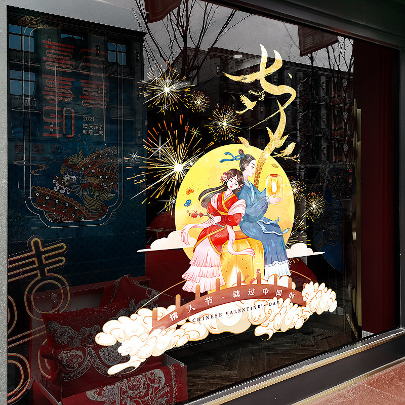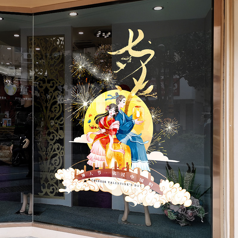 店玻璃门贴纸橱窗装 饰场景布置贴画珠宝店节 七夕a情人节服装 新品
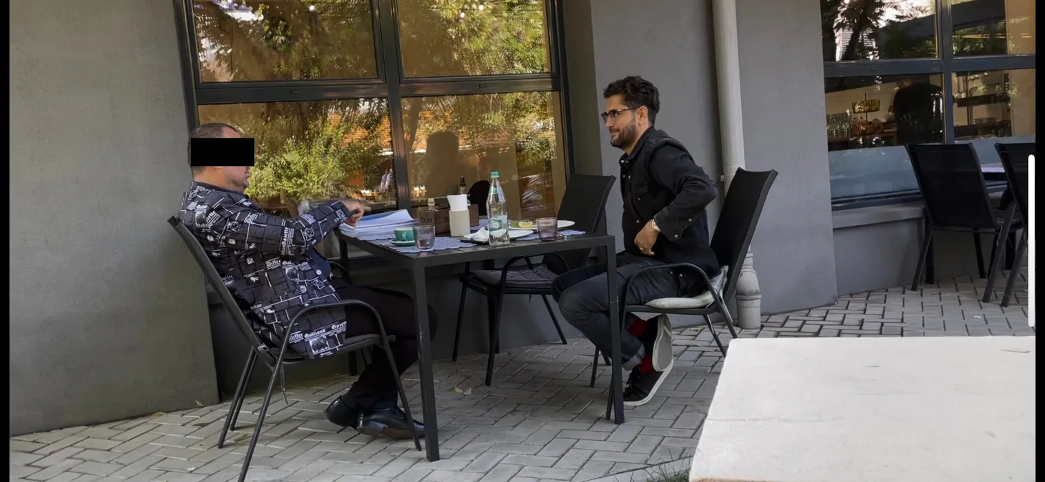 Cezar Ouatu, la terasă cu un amic
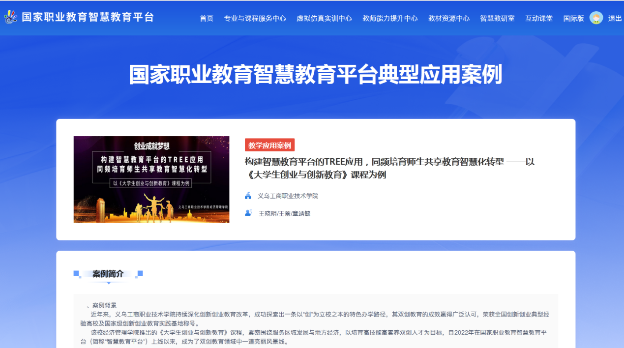 近日,国家职业教育智慧教育平台发布了国家职业教育智慧教育平台典型应用案例入选名单,并在平台显著位置展示了全国24个职业院校推广案例、62个教学应用案例,由365best365best体育亚洲官网教授王晓明负责的《大学生创业与创新教育》课程成功入选。这是365best持续推进创新创业教育改革、深化教学数字化转型取得的又一重大标志性成果。
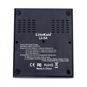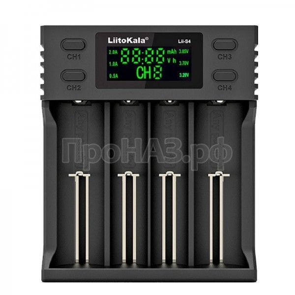 Зарядное устройство LiitoKala Lii-S4 (Черный) - универсальное, четырех-канальное, автоматическое зарядное устройство, совместимое практически со всеми цилиндрическими аккумуляторами, тем самым устраняющее необходимость использования нескольких зарядных устройств. Зарядное устройство Liitokala Lii S4 оснащено контрастным цифровым дисплеем, на котором отображается накопленная ёмкость, напряжение, ток заряда, тип аккумулятора, время работы и номер канала. Ток заряда Вы сможете задавать самостоятельно в диапазоне от 0.5 до 2 А.
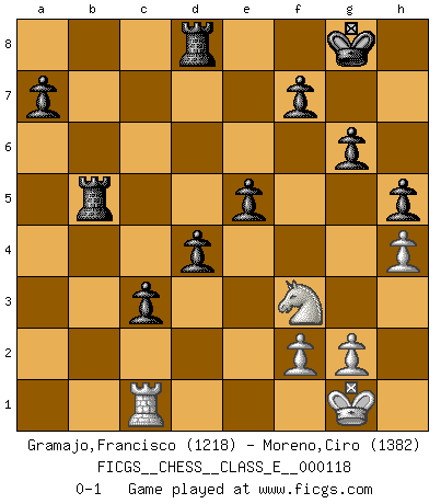 Last move : 0-1 2010 February 4 23:10:6 [Event "FICGS__CHESS__CLASS_E__000118"] [Site "FICGS"] [Date "2010.01.19"] [Round "1"] [White "Gramajo,Francisco"] [Black "Moreno,Ciro"] [Result "0-1"] [WhiteElo "1218"] [BlackElo "1382"] 1.Nf3 c5 2.e4 Nc6 3.Bb5 g6 4.c3 Bg7 5.b3 Qb6 6.a4 Nf6 7.O-O Nxe4 8.Na3 d5 9.d3 Nxc3 10.Bxc6+ Qxc6 11.Qc2 Ne2+ 12.Qxe2 Bxa1 13.Bb2 Bxb2 14.Qxb2 O-O 15.d4 b6 16.Rc1 Ba6 17.Nc2 Qd6 18.dxc5 bxc5 19.Ne5 Rab8 20.Ng4 h5 21.Ne5 d4 22.Nf3 e5 23.Nd2 c4 24.Qa3 Qxa3 25.Nxa3 c3 26.Nf3 Rxb3 27.Nb5 Bxb5 28.axb5 Rxb5 29.h4 Rd8 0-1 Reti Opening Kingside Castling by player White (move 7) Kingside Castling by player Black (move 14) Player Black won this chess game. Follow this game move after move (download)Botvinnik tried to take the mystery out of Chess, always relating it to situations in ordinary life. He used to call Chess a typical inexact problem similar to those which people are always having to solve in everyday life. (Garry Kasparov) Im Fernschach kannst du während dem Spiel rauchen. (John Christen Knudsen) La única cosa que los jugadores de Ajedrez tienen en común, es el Ajedrez. (Lodewijk Prins) On est toujours la mazette de quelqu'un d'autre. (Anonyme) Patience, use the Force, think ! (Obi-Wan Kenobi in Star Wars ep.2)
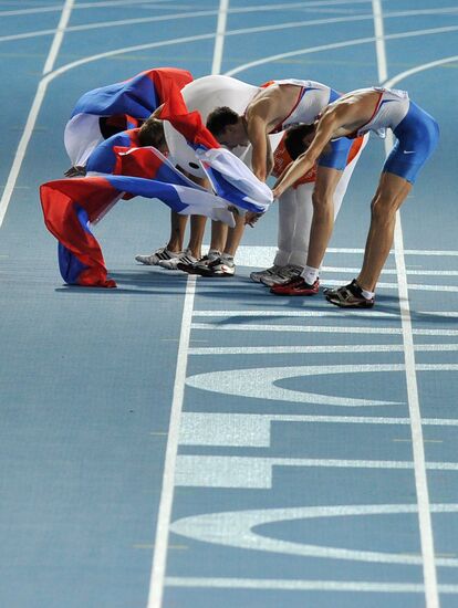 From left: Russia's Maksim Dyldin, Alexei Aksyonov, Vladimir Krasnov and Pavel Trenikhin won the men's 4x400m relay at the European Athletics Championships.02.08.2010#733076
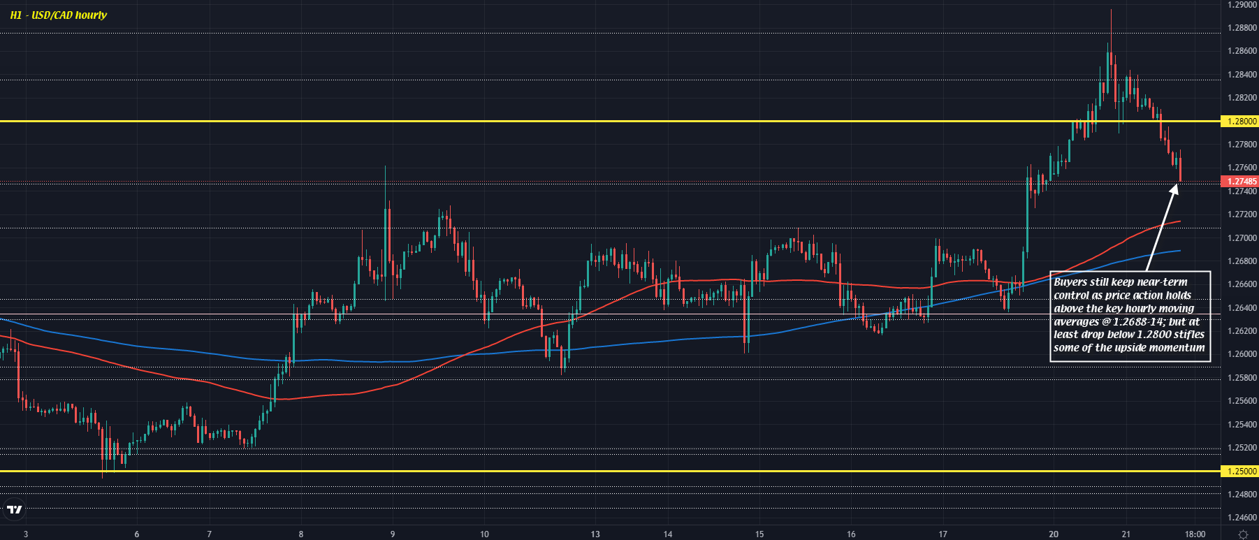 The drop back below 1.2800 sees the upside momentum stifled somewhat but price action holds above the key hourly moving averages and that continues to indicate that the near-term bias is still favouring buyers for the time being.
======
## WHAT THE EXERCISE ASKS:
The expected output is an exact copy of the lines from the top of the data above through the line containing "Зарядное устройство LiitoKala Lii-S4", both included, with every picture omitted.

## RESULT OF THE TASK:
 店玻璃门贴纸橱窗装 饰场景布置贴画珠宝店节 七夕a情人节服装 新品
 Cezar Ouatu, la terasă cu un amic
 近日,国家职业教育智慧教育平台发布了国家职业教育智慧教育平台典型应用案例入选名单,并在平台显著位置展示了全国24个职业院校推广案例、62个教学应用案例,由365best365best体育亚洲官网教授王晓明负责的《大学生创业与创新教育》课程成功入选。这是365best持续推进创新创业教育改革、深化教学数字化转型取得的又一重大标志性成果。
 Зарядное устройство LiitoKala Lii-S4 (Черный) - универсальное, четырех-канальное, автоматическое зарядное устройство, совместимое практически со всеми цилиндрическими аккумуляторами, тем самым устраняющее необходимость использования нескольких зарядных устройств. Зарядное устройство Liitokala Lii S4 оснащено контрастным цифровым дисплеем, на котором отображается накопленная ёмкость, напряжение, ток заряда, тип аккумулятора, время работы и номер канала. Ток заряда Вы сможете задавать самостоятельно в диапазоне от 0.5 до 2 А.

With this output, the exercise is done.